I've used various versions of Word for DOS and Windblows as well as StarOffice/OOo, but none of them are as good for even rudimentary DTP work as Island Write Draw & Paint. With Island Write, laying out the page was a matter of placing containers where I wanted them - and the containers could be irregularly shaped to boot. Text boxes could be placed anywhere and the text could be edited at any time (the text boxes on StarOffice/OOo are just plain irritating by comparison). Unfortunately, the last upgrade for IWD&P was in 1996. :-(
From what I hear of KOffice, it would be a better choice for simple DTP - things could be really interesting if the KOffice crew can achieve file format compatibiity with OOo.

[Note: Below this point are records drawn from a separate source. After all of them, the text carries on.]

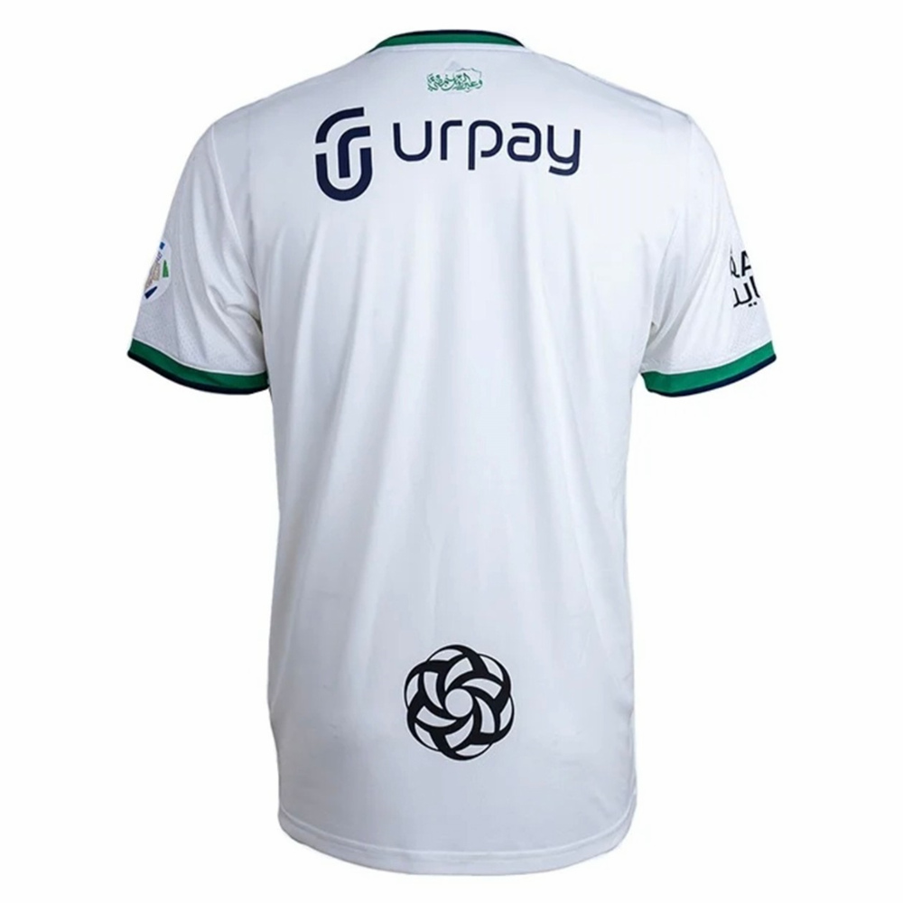 Created with Locker Room, the Adidas Al Ahli 2023-2024 home jersey has a green base with the old Tiro 19 graphic in dark green on the front. White is used for the Adidas branding, logos, collar and sleeve cuffs.
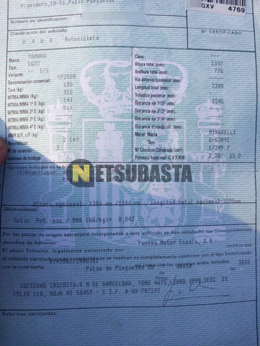 Subasta de Yamaha XMAX 250 2010 Siniestrados, Marca Yamaha, Modelo XMAX 250, Combustible Gasolina, Kilometraje 12.000 KM, Fecha 1ª matriculación 07/2010, Matrícula ****GXV, Color Exterior , Color Interior , IVA REBU y Ubicación Gerona.
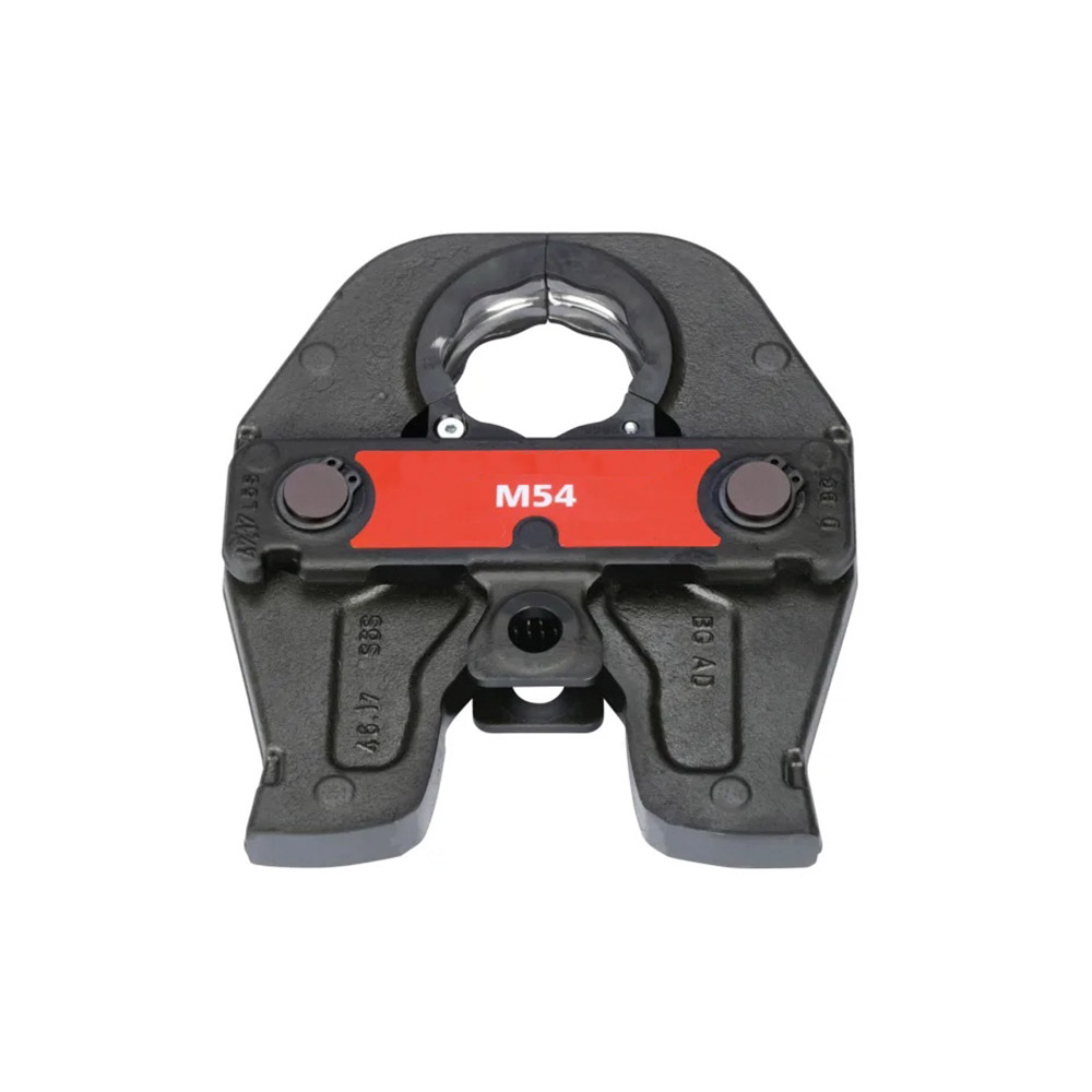 La mordaza de prensar estándar M54 (conjunto de 3 elementos) está diseñada para realizar prensados seguros y precisos en sistemas de racores metálicos de Ø 54 mm (perfil M), compatibles con cobre, acero al carbono y acero inoxidable. Incorpora tratamiento DURA LAZR TEC con endurecimiento láser selectivo en zonas de mayor esfuerzo para mantener la precisión del contorno y reducir el desgaste.
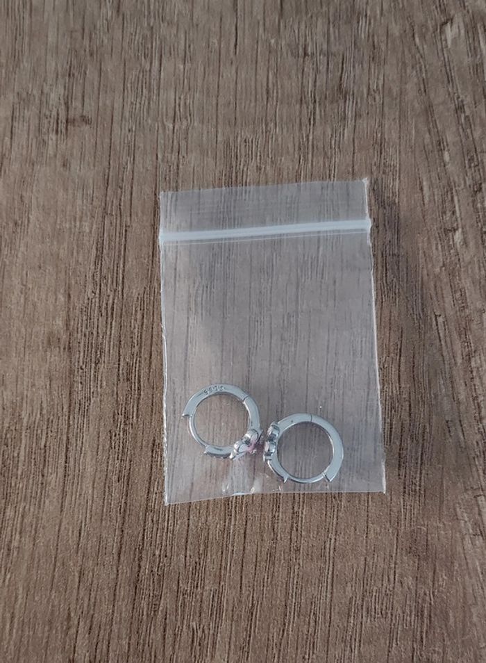 Boucles d'oreilles fille argent 925 fleur rose et strass 🌸 - photo numéro 1

Re: Desktop Publishing with

Anonymous's picture

The people at KOffice is really into adopting th OASIS standard. Actually the head developers of KOffice are on the OASIS ( board. Koffice (

Re: Desktop Publishing with

Anonymous's picture

"DP" is actually the abbreviation for "Data Processing", although that is now somewhat archaic. Anyone who doesn't know that DTP is the standard abbreviation probably has never read anything on Desktop Publishing before - which just goes to show that it's wise to have at least a cursory look at the existing literature in a field before opening your own mouth and putting your foot in it.

Re: Desktop Publishing with

Anonymous's picture

A comparison with Scribus would have been really really useful

Re: Desktop Publishing with

Karl's picture

For an article on Scribus, please see the November 2003 of the print edition of Linux Journal, on page 88.